Monday, March 21, 2011

The Loss of a "Smoking Gun"

I find myself perpetually weary of what I have observed as the all too common trap of the middle-class Marxist critic: a view of the working class that is stifled by pity for the betrayed and debased worker, whose faults are almost entirely a consequence of the system which he inhabits met by a reverence and nostalgia for the noble savage and the dregs of his rural folk-art or genuinely popular urban art.
I was happy to see that Denning escaped this stifling trap.
Denning argues that the history of the dime novel is not merely a history of a culture industry, but a history of their place in working class culture and their distinct role in the struggle to reform that culture. As he convinced me through extensive research, “ workers made up the bulk of the dime novel public,” therefore “their concerns and accents are inscribed in cheap stories” (“concerns and accents” that can be determined through their allegorical inscription and an understanding of the working-class reading practice which involved consumption as well as interpretation). In other words, the 19th century American worker was not a victim of a culture industry rooted in capitalist self-interest and bourgeois hegemony. The dime novel was a “contested terrain, a field of cultural conflict where signs with wide appeal and resonance take on contradictory disguises and are spoken in contrary actions,” a place where the often divergent working-class attitudes found expression.
One of the arguments in Mechanic Accents that seems to reflect Denning’s larger theoretical investment is the explanation of the “fiction question,” “the debates, moral panics, and attempt to regulate production that marked the nineteenth-century reaction to the flood of cheap stories and the marked increase in working-class reading.” The fiction question and consequent reform of the dime novel is not a pure symptom of “the genteel” vs “the sensational” (the middle class vs the lower class). Denning argues that even the labor papers simultaneously critiqued and appropriated “trashy” fiction, indicating ambivalence on the part of working-class leaders regarding the emergence of this mass literary culture in the nineteenth century. In this way, the working and bourgeois classes shared in a fundamental dialogue: the relationship between culture and society.
Does the transformation and critical positioning of the dime novel in the wake of 1890 mark a silencing of the class conflicts of the gilded age? Through what mediums do today’s working class engage in discussions of culture and society?

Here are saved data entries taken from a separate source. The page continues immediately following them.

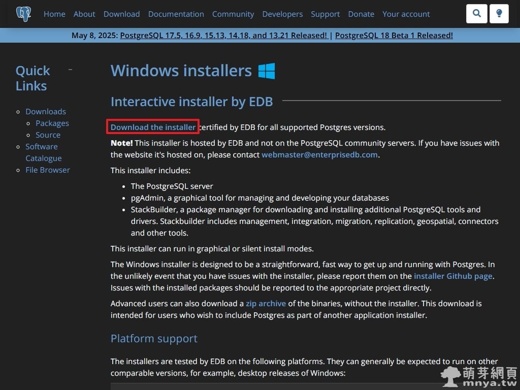 ▲ 進入 PostgreSQL Windows 官方下載頁面後,點選「Download the installer」。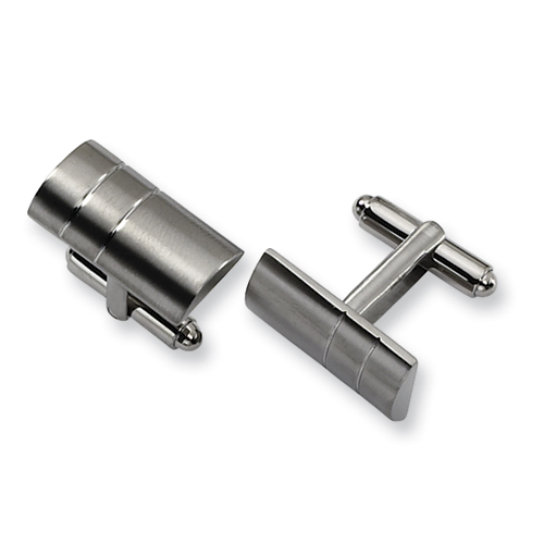 Titanium cuff links. Brushed finish with two polished grooves. Imported.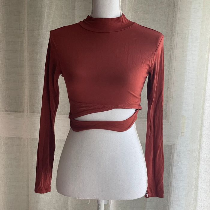 Crop top col roulé couleur brique - photo numéro 2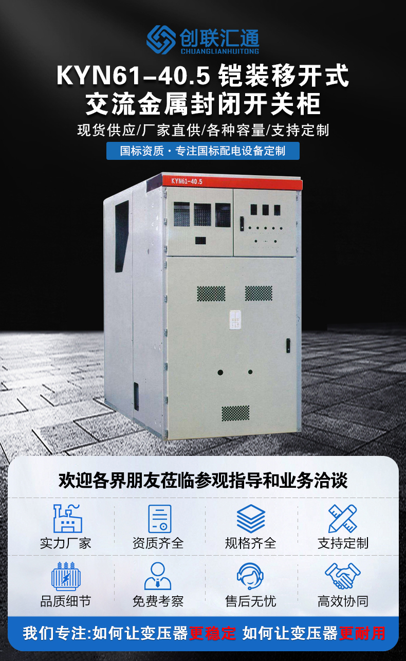 KYN61-40.5型鎧裝移開(kāi)式交流金屬封閉開(kāi)關(guān)柜系三相 交流50Hz,額定電壓40.5kV的戶內(nèi)成套配電裝置。作為發(fā)電廠、變電站及工礦企

-( Also, quite literally...)Denning possesses a “smoking gun” in the form of short life histories of 'undistinguished Americans' published in the The Independent that make references to dime fiction reading. Moreover, the autobiographies of immigrants, laborers, and factory workers – littered with insights regarding how the working class understood and interpreted sensational fiction – are explicit testaments to the relationship between culture and historical consciousness. Lucky Denning.